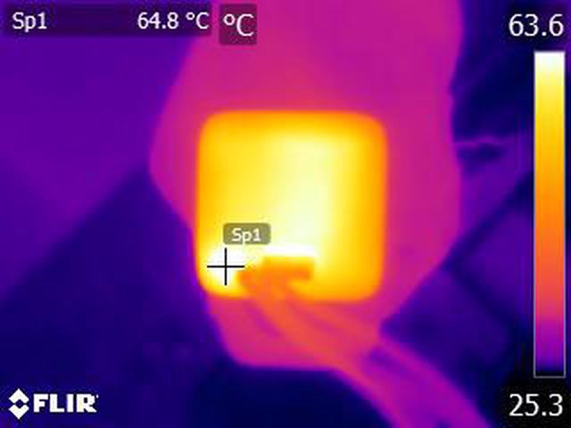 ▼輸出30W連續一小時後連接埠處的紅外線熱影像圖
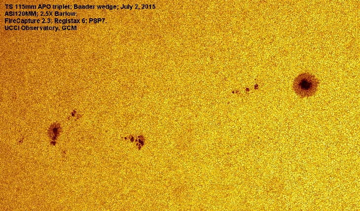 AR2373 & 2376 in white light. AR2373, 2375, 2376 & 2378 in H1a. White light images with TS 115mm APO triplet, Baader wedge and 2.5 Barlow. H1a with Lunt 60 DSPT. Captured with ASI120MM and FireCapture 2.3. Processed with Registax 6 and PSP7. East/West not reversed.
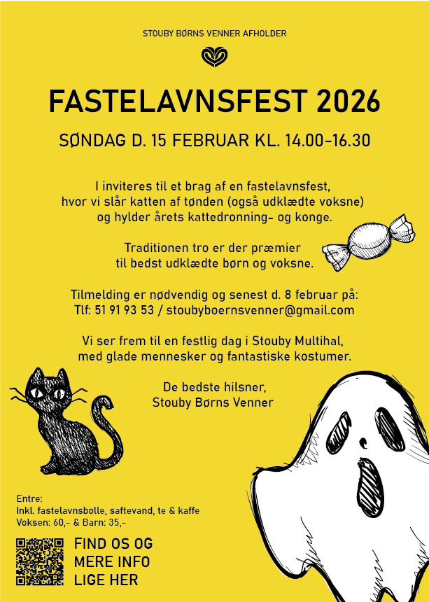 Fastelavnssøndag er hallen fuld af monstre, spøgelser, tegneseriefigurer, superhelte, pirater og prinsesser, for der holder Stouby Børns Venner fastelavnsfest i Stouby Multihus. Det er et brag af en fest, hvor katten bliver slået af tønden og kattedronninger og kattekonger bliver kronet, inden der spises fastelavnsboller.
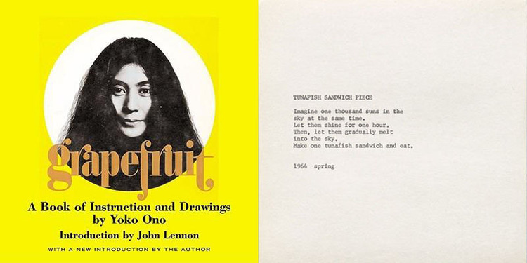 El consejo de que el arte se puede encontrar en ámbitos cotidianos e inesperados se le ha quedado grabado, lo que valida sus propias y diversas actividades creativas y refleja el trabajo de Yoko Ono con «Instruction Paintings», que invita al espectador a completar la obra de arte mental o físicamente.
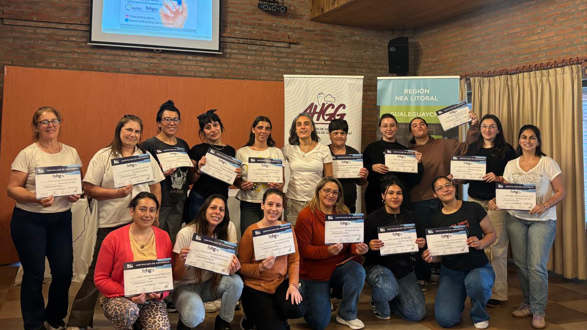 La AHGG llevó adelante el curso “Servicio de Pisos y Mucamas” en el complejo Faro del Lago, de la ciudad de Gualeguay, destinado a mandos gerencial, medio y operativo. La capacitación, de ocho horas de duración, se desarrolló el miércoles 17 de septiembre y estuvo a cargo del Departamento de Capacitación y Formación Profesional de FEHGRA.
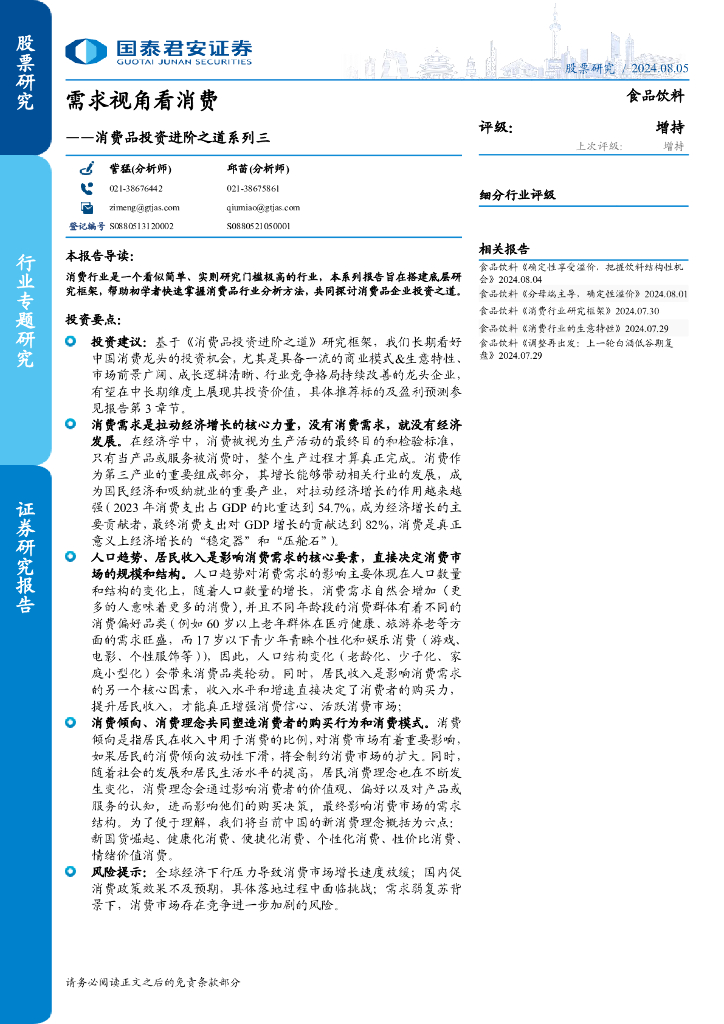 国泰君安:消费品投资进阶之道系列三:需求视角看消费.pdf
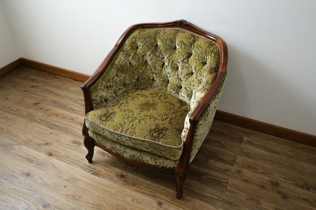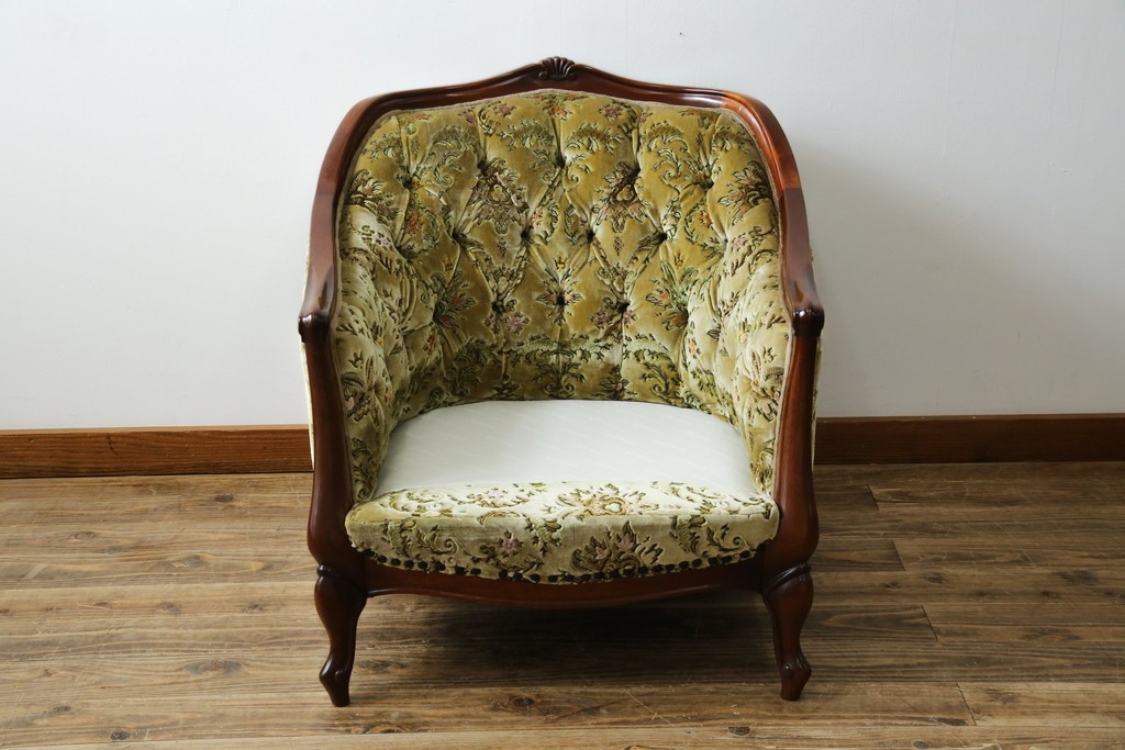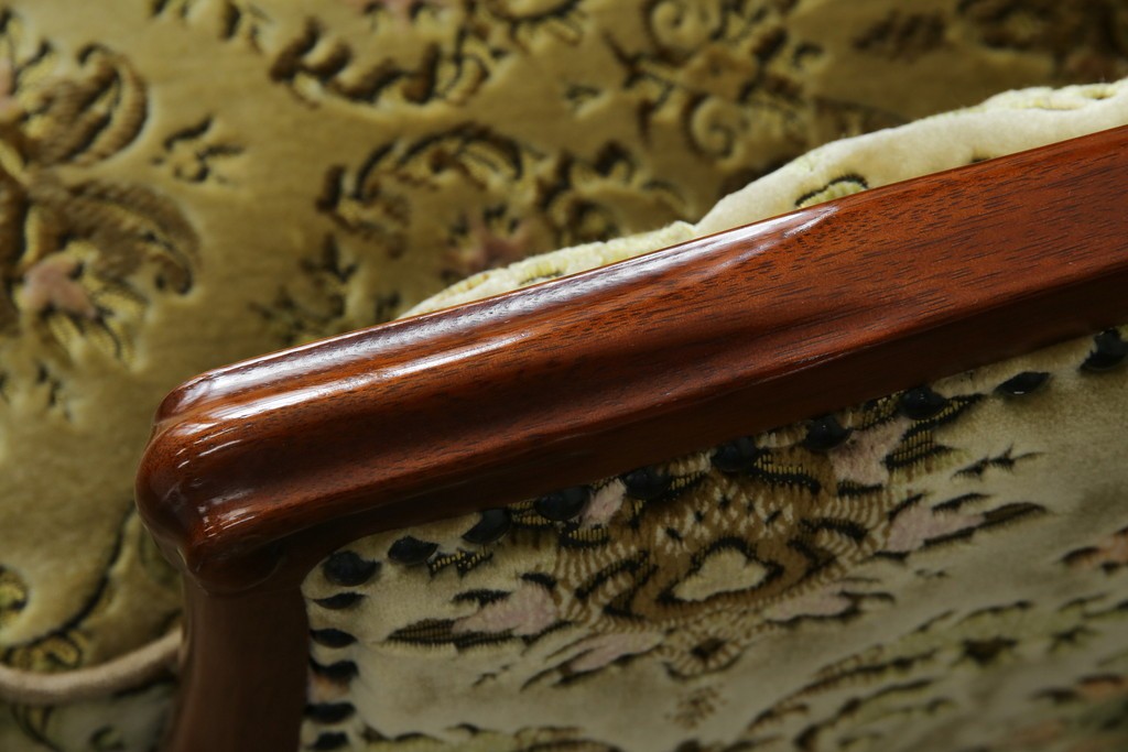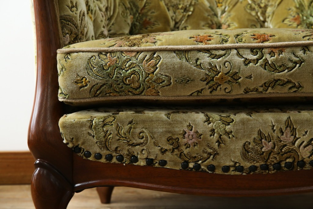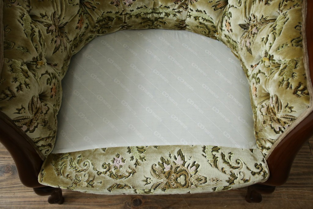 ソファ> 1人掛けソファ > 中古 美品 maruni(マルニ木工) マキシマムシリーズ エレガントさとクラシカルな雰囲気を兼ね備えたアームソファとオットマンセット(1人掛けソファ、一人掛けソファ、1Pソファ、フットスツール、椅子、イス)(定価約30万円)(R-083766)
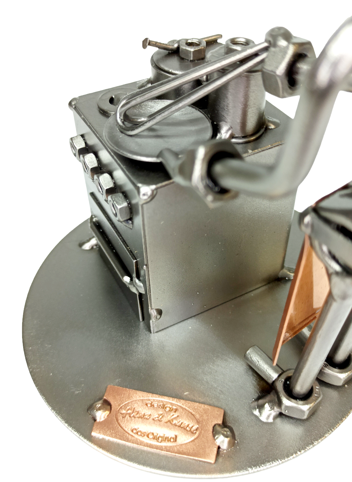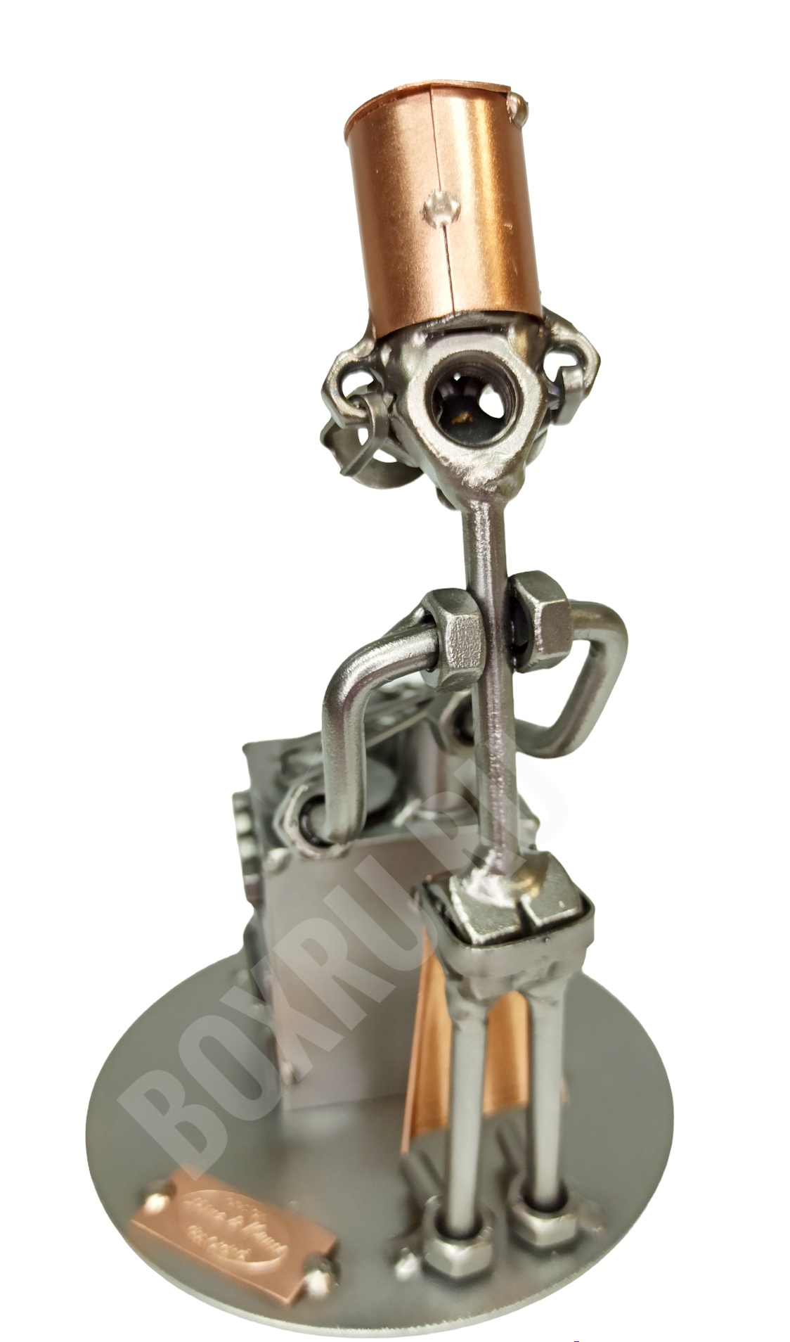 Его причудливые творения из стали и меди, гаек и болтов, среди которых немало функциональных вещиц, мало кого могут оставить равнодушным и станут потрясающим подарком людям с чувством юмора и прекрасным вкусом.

========

- [Work instruction] Reproduce only the lines from the first line of the listing above up to and including the line that holds "Fastelavnssøndag er hallen". Omit the pictures.

- [Task result]
 ▼輸出30W連續一小時後連接埠處的紅外線熱影像圖
 AR2373 & 2376 in white light. AR2373, 2375, 2376 & 2378 in H1a. White light images with TS 115mm APO triplet, Baader wedge and 2.5 Barlow. H1a with Lunt 60 DSPT. Captured with ASI120MM and FireCapture 2.3. Processed with Registax 6 and PSP7. East/West not reversed.
 Fastelavnssøndag er hallen fuld af monstre, spøgelser, tegneseriefigurer, superhelte, pirater og prinsesser, for der holder Stouby Børns Venner fastelavnsfest i Stouby Multihus. Det er et brag af en fest, hvor katten bliver slået af tønden og kattedronninger og kattekonger bliver kronet, inden der spises fastelavnsboller.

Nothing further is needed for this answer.